PDF-Generation and invisible Text-Layer embedding (Windows only, on other OS it might work, when tesseract is installed)
Batch-Converting a set of JPG-images
Image-Rotation (which has to be done manually)
Fully-Automatic Book-Edge detection and content extraction (no parameters)
Very simple finger removal (this is really not working well )
Paper-whitening
Very simple dewarp (a more complex dewarp approach is in development, but this task is very time consuming, because content and line dection needs to be done)
Very simple remaining time calculation

Print Help and Options:

Code: Select all

java -jar bookbuilder-0.2.0.jar

Sampe Usage:

Code: Select all

java -jar bookbuilder-0.2.0.jar --input-path="data\images\book" --output-file="data\temp\out.pdf" --embed-ocr-layer --rotation-degrees=180

Download: http://www63.zippyshare.com/v/45431292/file.html

sandreas

Post by **daniel_reetz** » 09 Oct 2014, 09:04

This is pretty cool! Thanks for bringing it here and sharing it. Can I host a copy of it locally?

sandreas · Post by **sandreas** » 09 Oct 2014, 10:14

Sure, if sourcecode would not be so embarrassing, i would share it

Perhaps in the next few weeks , if i cleaned it up

duerig · Post by **duerig** » 09 Oct 2014, 10:53

Hi there!

As part of my laser-scanning work, I've been developing some tools to try to automatically detect and remove both the hands and the background of the book. I think that the hand/finger detection is working pretty well, but the book background detection could use some more work.

Since you mention that you are not too confident about your finger detection code, let me share some links.

Here are two online sources that I found very helpful about using OpenCV (not sure if there is a Java port or not) in order to do hand detection:

http://docs.opencv.org/trunk/doc/py_tut ... projection
http://stackoverflow.com/questions/8593 ... ter-vision

I don't entirely understand the math behind it, but I did implement it and it seems to work well. Here is my source:

https://github.com/duerig/laser-dewarp/ ... ookmask.py
https://github.com/duerig/laser-dewarp/ ... ndmodel.py

Maybe you could share what you have found with regard to finding the corners of a book? That would be very interesting to me. My current technique subtracts the background and then performs a floodfill. And I would like to augment it with something more robust.

sandreas · Post by **sandreas** » 09 Oct 2014, 15:06

@duerig:

Thanks for this useful post. Well, i found 3 different image processing libraries that met my requirements:

OpenCV (there is a java api, but i did not use it because its really big and not easy to use)
OpenImaJ (seemed good, but huge dependencies and kind of slow)
BoofCV (pure java, i chose this one, because it is lightweight, fast and has a nice and clean api. Unfortunately it is not as powerful as the others and in an early development state. But: The developer is very motivated and shares most of my ideas)
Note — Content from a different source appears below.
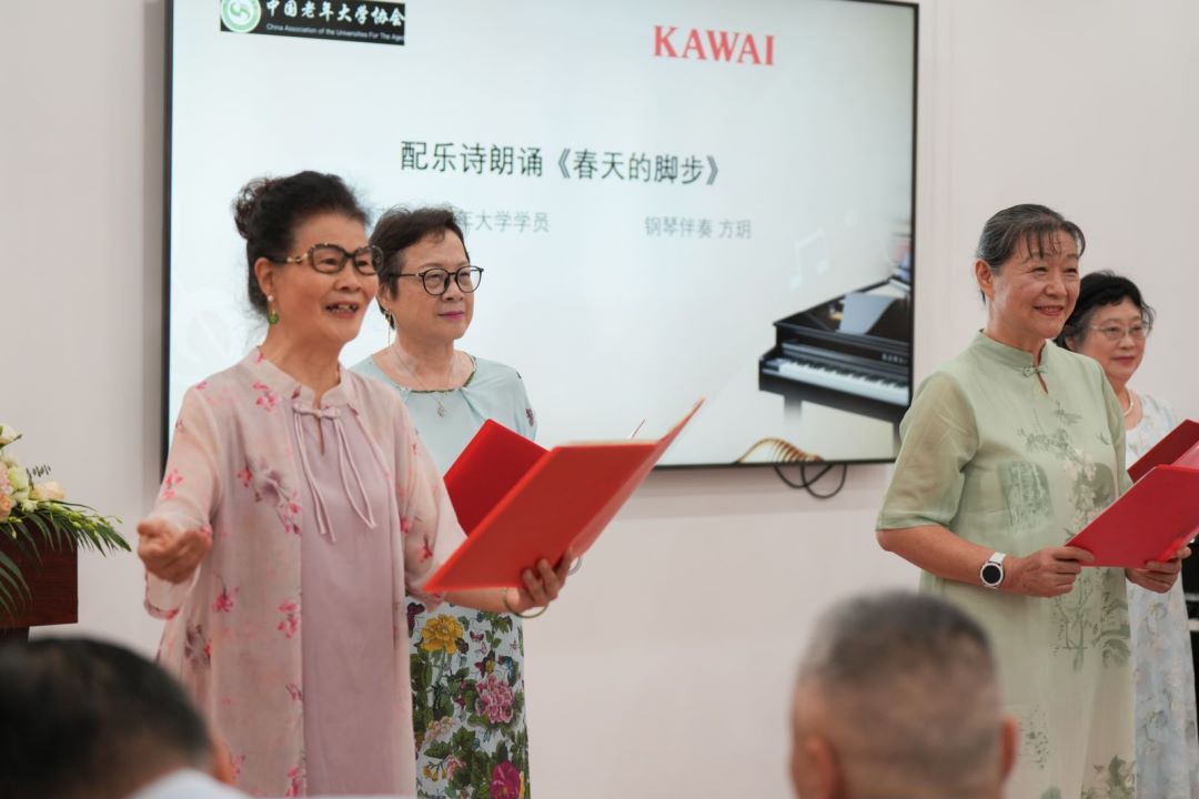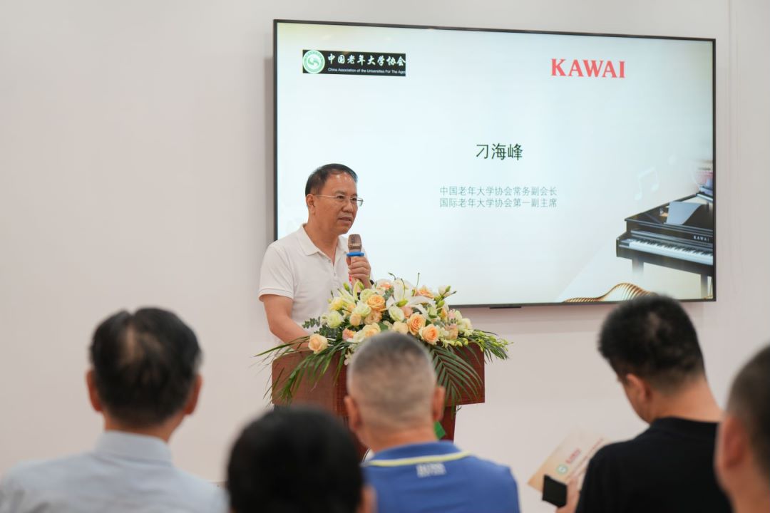 中国老年大学协会常务副会长、国际老年大学协会第一副主席刁海峰和卡瓦依乐器(中国)有限公司董事长八木正树分别致辞。刁海峰指出,借助国际知名企业 KAWAI 的技术和资源优势,满足日益增长的老年人学习钢琴及数码乐器的学习需求,可以提升中国老年大学钢琴及数码钢琴教学水平,活跃城乡老年人学习生活,对老年人身心健康、社交和文化传承都有着重要的意义。

For Finger-Detection there are many approaches. The most promising ones i found is the one you posted and another one about adaptive skin detection, but i did not have the time to implement the backprojection part in boofcv. My current approach uses static hsv detection, which works quite ok, but is not perfect. Perhaps i will implement an "Adaptive Skin Detection", which should work much better (OpenCV has this on board, but boofcv is in an early state). I'll check the links later, perhaps i can implement some of openCVs algorithms for Boofcv here.
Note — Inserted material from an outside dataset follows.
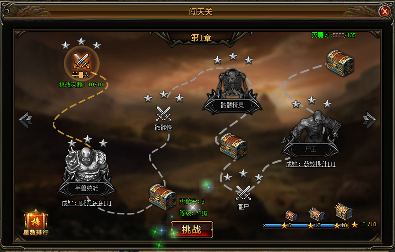 玩家每天不限时间可随时进入天关挑战,到达73级进入,每天可花费灭魔令进入
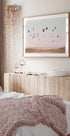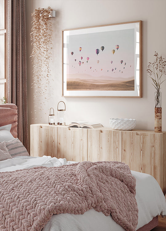 A dreamy photograph of colorful hot air balloons floating above golden sand dunes under a pastel sky. The artwork captures the magic of travel, freedom and adventure, making it a beautiful piece for any decor inspired by wanderlust.

My algorithm for Page-Detection:

Draw a thin black line around the whole image (if the book isn't fully visible)
Perform an Otsu threshold
Find all contours of the image (as Pointlist)
For all contours as pointlist
- continue, when pointlist.length < max(width, height)
  biggestContour = max(biggestContour, pointlist)

finding the corners:

get biggestContour bounds (rectangle that contains all points of contour)
for all biggestContour.pointlist as point
- if(topLeft == null || point.distance(boundsCenter) - point.distance(boundsTopLeft) < topLeft.distance(boundsCenter)-topLeft.distance(boundTopLeft))
  topLeft = point;
  // like that for topRight, bottomRight, bottomLeft...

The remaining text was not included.